* Task objective:
From the records below, please print only the lines from the one containing "Department of Psychiatric" through the one containing "Enseigne au néon", both included. Skip the pictures.

Entries supplied Block Start

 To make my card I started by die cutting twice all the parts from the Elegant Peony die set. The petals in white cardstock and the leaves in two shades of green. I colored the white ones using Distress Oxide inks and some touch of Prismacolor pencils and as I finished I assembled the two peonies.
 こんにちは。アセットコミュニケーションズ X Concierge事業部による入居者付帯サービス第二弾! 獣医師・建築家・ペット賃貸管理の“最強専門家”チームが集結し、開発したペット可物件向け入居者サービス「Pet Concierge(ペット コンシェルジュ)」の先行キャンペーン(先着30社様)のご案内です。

Entries supplied Block End
Entries supplied Block Start

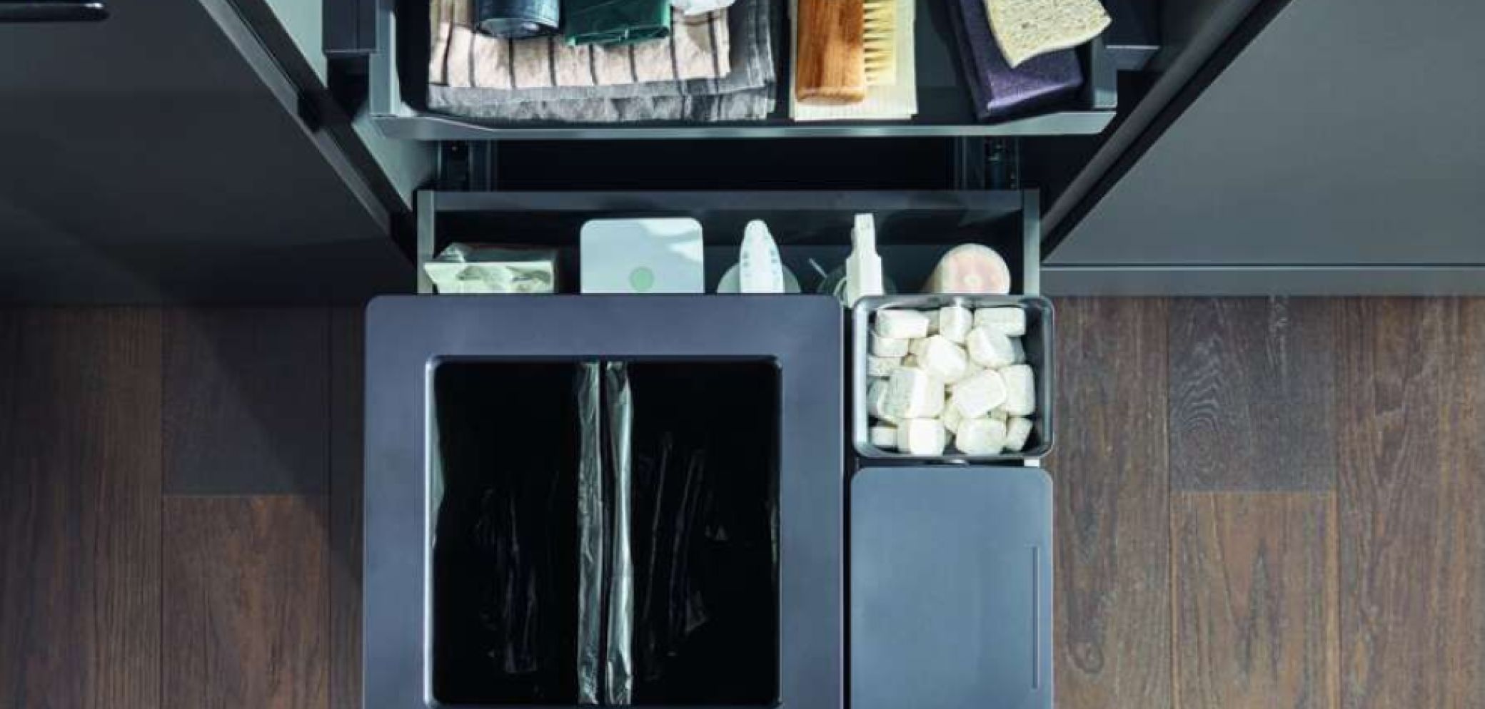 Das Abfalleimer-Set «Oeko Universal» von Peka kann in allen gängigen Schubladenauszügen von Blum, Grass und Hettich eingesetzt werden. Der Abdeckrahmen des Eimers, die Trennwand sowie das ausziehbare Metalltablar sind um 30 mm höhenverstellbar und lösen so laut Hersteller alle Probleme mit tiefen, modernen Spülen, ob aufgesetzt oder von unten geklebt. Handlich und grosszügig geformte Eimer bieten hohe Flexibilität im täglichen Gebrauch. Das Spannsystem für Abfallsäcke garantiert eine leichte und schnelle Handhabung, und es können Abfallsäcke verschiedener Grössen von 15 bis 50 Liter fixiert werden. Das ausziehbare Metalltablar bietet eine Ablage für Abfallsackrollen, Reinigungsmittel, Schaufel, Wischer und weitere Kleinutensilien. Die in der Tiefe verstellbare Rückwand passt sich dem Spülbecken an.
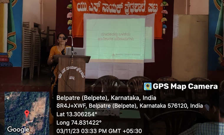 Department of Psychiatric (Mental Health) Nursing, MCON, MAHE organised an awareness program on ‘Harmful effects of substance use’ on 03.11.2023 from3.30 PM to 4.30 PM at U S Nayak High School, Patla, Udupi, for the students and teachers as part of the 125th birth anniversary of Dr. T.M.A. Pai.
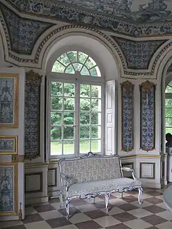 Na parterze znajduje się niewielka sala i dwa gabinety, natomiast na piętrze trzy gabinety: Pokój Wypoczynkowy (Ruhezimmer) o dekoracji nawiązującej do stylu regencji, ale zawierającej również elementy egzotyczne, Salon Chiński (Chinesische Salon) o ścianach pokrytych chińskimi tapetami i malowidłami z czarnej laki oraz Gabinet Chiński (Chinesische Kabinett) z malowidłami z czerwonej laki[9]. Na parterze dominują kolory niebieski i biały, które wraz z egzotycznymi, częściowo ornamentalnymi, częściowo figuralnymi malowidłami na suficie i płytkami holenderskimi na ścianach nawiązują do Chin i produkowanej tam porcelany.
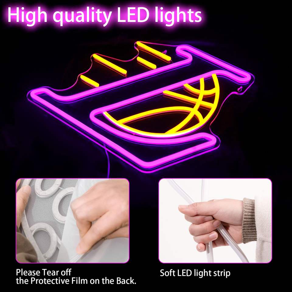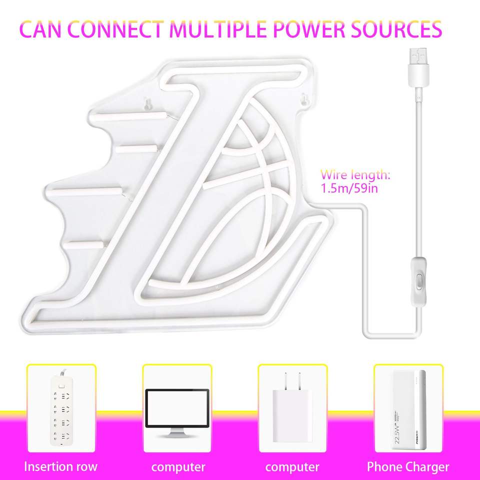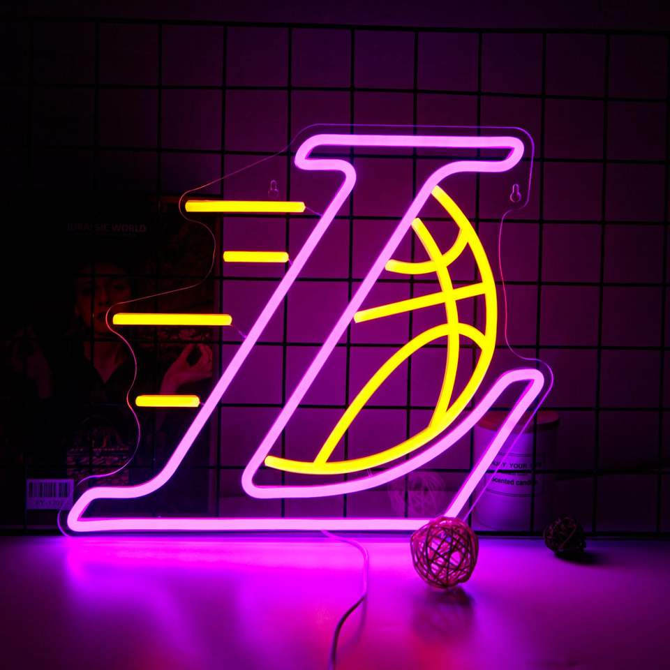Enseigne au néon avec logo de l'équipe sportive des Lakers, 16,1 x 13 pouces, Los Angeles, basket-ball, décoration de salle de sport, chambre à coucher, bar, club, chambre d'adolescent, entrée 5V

Entries supplied Block End

* Answer to this task:
 Department of Psychiatric (Mental Health) Nursing, MCON, MAHE organised an awareness program on ‘Harmful effects of substance use’ on 03.11.2023 from3.30 PM to 4.30 PM at U S Nayak High School, Patla, Udupi, for the students and teachers as part of the 125th birth anniversary of Dr. T.M.A. Pai.
 Na parterze znajduje się niewielka sala i dwa gabinety, natomiast na piętrze trzy gabinety: Pokój Wypoczynkowy (Ruhezimmer) o dekoracji nawiązującej do stylu regencji, ale zawierającej również elementy egzotyczne, Salon Chiński (Chinesische Salon) o ścianach pokrytych chińskimi tapetami i malowidłami z czarnej laki oraz Gabinet Chiński (Chinesische Kabinett) z malowidłami z czerwonej laki[9]. Na parterze dominują kolory niebieski i biały, które wraz z egzotycznymi, częściowo ornamentalnymi, częściowo figuralnymi malowidłami na suficie i płytkami holenderskimi na ścianach nawiązują do Chin i produkowanej tam porcelany.
Enseigne au néon avec logo de l'équipe sportive des Lakers, 16,1 x 13 pouces, Los Angeles, basket-ball, décoration de salle de sport, chambre à coucher, bar, club, chambre d'adolescent, entrée 5V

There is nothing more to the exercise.